La Presse canadienne


3 commentaires
  • Benoit Samson - Abonné 12 avril 2021 06 h 12

    Fausse information véhiculée non-intentionnellement mais dangereusement par messieurs Dubé et Lepage sur le plateau de TLMEP

    A son passage à TLMP le 11 avril le ministre Dubé et monsieur Lepage, sans les blâmer, ont contribué involontairement et inconsciemment à la propagation du virus.
    Quand les politiciens et les médias nous répètent comme ils l’ont fait à TLMEP que tous les Québécois auront été vaccinés le 24 juin, Ils essaient plutôt de nous aviser que tous le Québécois qui le voudront auront reçu au moins une dose des vaccins contre la COVID en juin prochain.
    Or, la différence entre avoir ‘’reçu une dose du vaccin’’ et avoir été ‘’vacciné’’ est plus que sémantique !
    Malheureusement, les auditeurs comprennent par l’utilisation de ce mot, ‘’vacciné’’, qu’ils auront une protection vaccinale après n’avoir reçu qu’une seule dose du vaccin qui est insuffisante pour ‘’vacciner complètement’’ et adéquatement un individu. En effet, Il est maintenant prouvé que les individus en attente de la 2ième dose des vaccins peuvent être porteurs asymptomatiques et contagieux du virus et de ses variants et même souffrir de ses complications même si la mortalité est moins élevée chez ces individus.
    En laissant croire faussement aux auditeurs qu’ils sont ‘’vaccinés’ et protégés après la première dose de leur vaccin, les politiciens et médias contribuent sans s’en rendre compte à des relâchements qui pourraient augmenter la transmission du virus à cause du faux sentiment de sécurité créé par l’utilisation de ce terme.

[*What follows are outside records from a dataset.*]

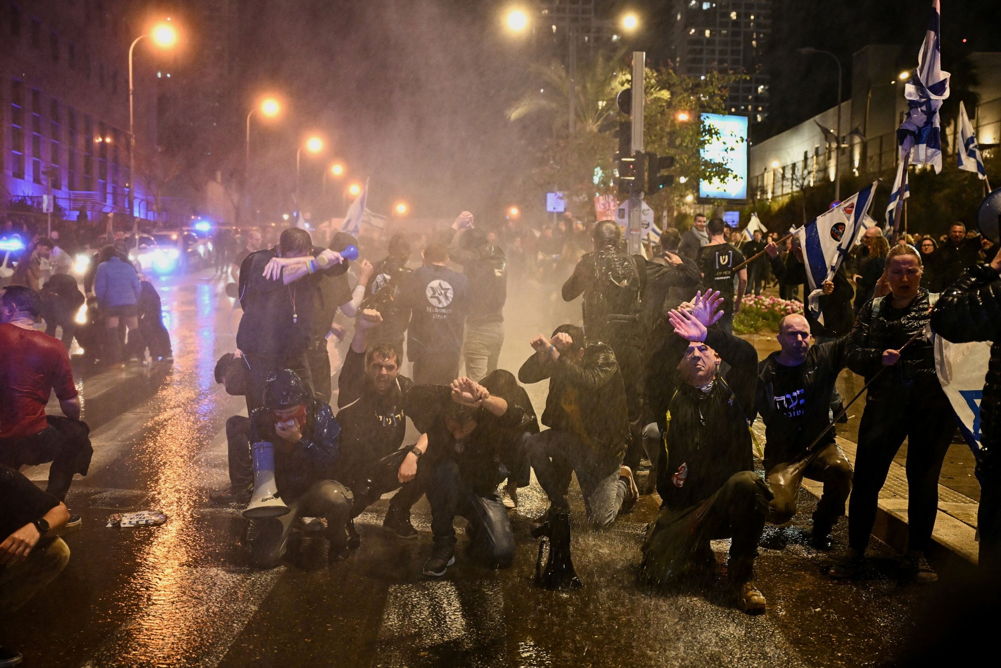 Οι αστυνομικές δυνάμεις στο Τελ Αβίβ άρχισαν να χρησιμοποιούν αύρες νερού για να διαλύσουν τους διαδηλωτές που στέκονταν στο πεζοδρόμιο της οδού Καπλάν εντός των νόμιμων ορίων της διαμαρτυρίας.
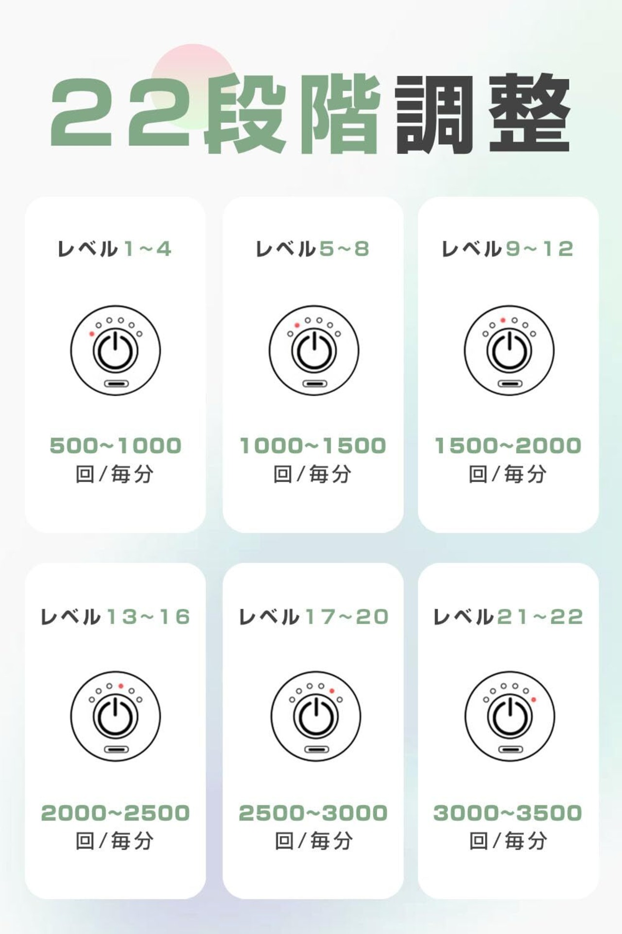 【22段階の強度調整、低ノイズ設計】22段階レベルと3種類のインテリジェントモードを提供し、異なるニーズやシーンに応じて調整可能です。45dBの低ノイズ設計により、使用中の騒音を最小限に抑え、静かで快適な使用体験を提供致します。
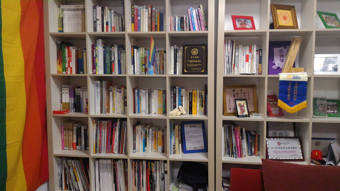 亲友会办公室的书架上有很多很棒的同志书籍!这里亲友会文化的一种很好的体现。
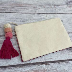 This Shiraleah Chicago zip pouch features a beautiful ombré design with textured yarn details, transitioning from natural beige to rich shades of pink and burgundy. The pouch is accented with a matching tassel and pom-pom detail, giving it a chic, bohemian touch. Perfect for holding cosmetics, small essentials, or for use as a stylish clutch, this pouch adds a vibrant pop of color and texture to your accessories collection.

Cela pourrait en effet contribuer au relâchement des mesures sanitaires barrières par ceux qui se croient faussement protégés et leur entourage après avoir reçu la première dose de leur vaccin alors qu’ils ne le seront qu’après avoir reçu la deuxième dose.
    De plus le GV perdra sa crédibilité en devant marcher sur la peinture encore une fois quand il devra admettre son erreur et corriger le tir en juin prochain en expliquant qu’il faudra être vigilants pour trois ou quatre autres mois jusqu’à ce que les Québécois soient vraiment ‘’vaccinés’’ après avoir reçu leur 2ième dose du vaccin.

    • Mireille Bouchard - Abonnée 12 avril 2021 12 h 30

      Vous avez parfaitement raison. Par exemple, Tel que mentionné par mon hémato-oncologue, les immunodéficients sont faiblement protégés par une seule dose. De plus, le renforcement des anticorps avec une deuxième dose cédulée 4 mois après l'injection de la première (plutôt que 3 semaines) risque d'être compromis.

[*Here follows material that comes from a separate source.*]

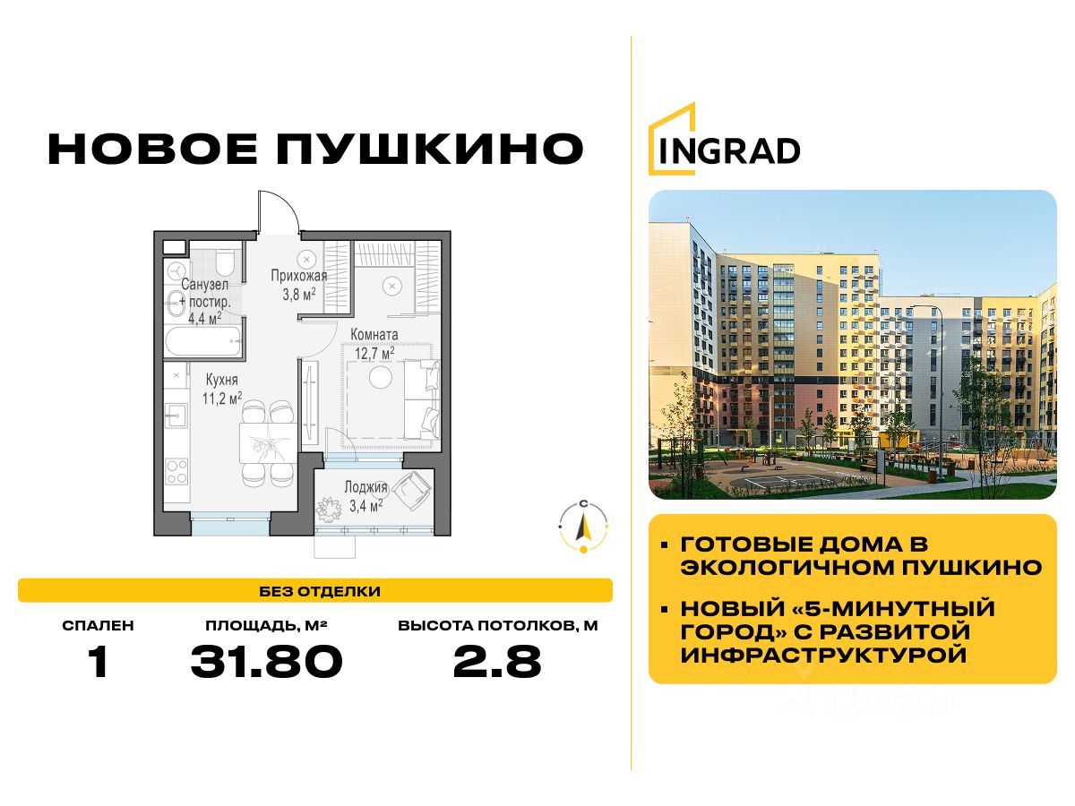Прямая продажа от деволопера. В жилом квартале комфорт-класса "Новое Пушкино" (девелопер Ingrad) продаётся 1-спальная квартира площадью 31.80 кв.м без отделки. Квартира расположена на 9 этаже 14-этажного дома, корпус 23.

  • Benoit Samson - Abonné 12 avril 2021 09 h 49

    L’histoire nous apprend que l’on n’apprend rien des leçons de l’histoire

    Selon les livres d’histoire du Québec, les réactions de la majorité franco-montréalaise pendant l’épidémie de variole de 1885 à Montréal ressemblaient à certains égards à celles que l’on a vu hier dans la métropole:
    ‘’Les 28 et 29 septembre 1885, la foule assiège le Bureau de santé du faubourg de l’Est et y met le feu. Ensuite la foule va chahuter le Herald et on y brise les vitres. Les émetteurs vont menacer les maisons des médecins vaccinateurs dont celle de l’ex-maire Hingston. Lorsque les bagarres éclatent, le chef de police de Montréal est blessé.
    Le maire Honoré Beaugrand, alité (il souffre d’asthme), court à son bureau et consigne 600 militaires. Il émet une déclaration, dans laquelle le maire invite les citoyens à ne pas sortir le soir et à ne pas gêner l’action de la police.
    Des manifestations reprennent malgré la proclamation du maire. Les cavaliers sont accueillis par des jets de pierre dans les quartiers ouvriers. Le 19 septembre, la vaccination obligatoire provoque une émeute, suivie de la deuxième, le 28 septembre.
    Le maire Beaugrand accepte d’imposer l’isolement des malades et la vaccination. Montréal est mis en quarantaine: les commerces et les théâtres ferment, les parcs sont déserts, les rues vides.
    La vaccination en masse débute, mais la police doit accompagner chaque médecin vaccinateur et les attaques contre les médecins multiplient. Pour donner l’exemple, l’évêque et quelques autres membres du clergé se font vacciner (Mgr Fabre se fait vacciner deux fois en public !)’’
    Quand l’épidémie de 1885 fut terminée, on comptait 2884 décès chez les franco-montréalais contre 85 chez les Anglo-montréalais qui avaient respecté les mesures sanitaires contrairement aux premiers.